Some of you may have seen the foam roller at the gym and wondered what it is used for. It can be an intimidating piece of equipment for someone with no experience. Don’t be afraid, the foam roller is simply used as a form of self-massage. Many athletes incorporate it into their workout routine as a means of improving muscle recovery as well as loosening up muscle tightness (eg. Knots).
Here is a quick routine you can add to your daily workout regimen or whenever you need to release some built up tension. For each body part, complete 5-10 rolls, depending on tightness.
Calves – Sitting on the ground, slide the roller perpendicular to your body and gently massage both calves. You may be surprised at how tight your calves can be, especially if you have been doing lots of running and SAQ drills.
Hamstrings –With the roller in the same position as above (perpendicular to your legs), begin rolling out your hamstrings. For a deep massage, use the edge of the roller and massage just one leg at a time.

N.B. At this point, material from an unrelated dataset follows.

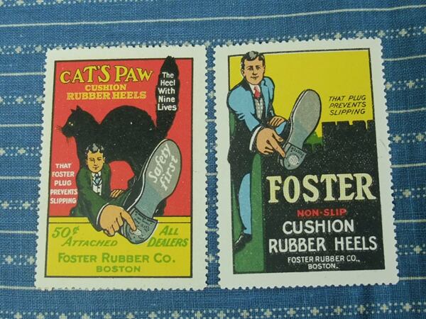 1910年代~のアドバタイジング スタンプ。キャッツポウ ラバーヒールを生産していたフォスター ラバー カンパニーの2枚セット。クラシック&レトロなカラーが最高です。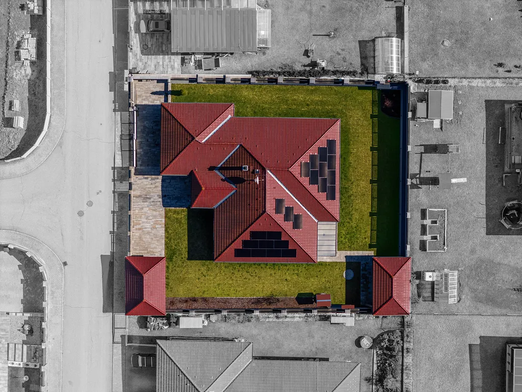 Součástí domu je dvougaráž s technickým zázemím pro fotovoltaiku a navíc další samostatná garáž na pozemku.

Glutes – This is a large muscle group and it may take some time to get into the trouble areas. Be patient and really work on this area, gently rolling in and out until you sense that you are hitting a trouble area. At this point, you may even want to pause on top of a knot for 10-20 seconds and allow the tension to release.
Quads and IT Band– The quads can be a painful area to roll out. When you incorporate lots of running/legs into your training regimen this area tends to get very tight. Start by rolling up and down the full length of your IT band. If you find an area that is especially tense, rest there for 10 to 20 seconds until the knot releases.
Hip Flexor – Use only the outer portion of the roller to target the front area of your hip. There is a small group of muscles here that can really benefit from getting loosened out with the roller.
Back – Simply lay on the roller and use your legs to roll your entire back up and down. This one always feels great.
Neck – You will have to adjust the angle of the roller to match the curvature of the muscles around your neck. Make sure you avoid rolling along your spine.
Try to incorporate this regimen into your warmup 2-3 days a week and your body will thank you. If you are doing it properly it will improve recovery and decrease muscle tightness/soreness.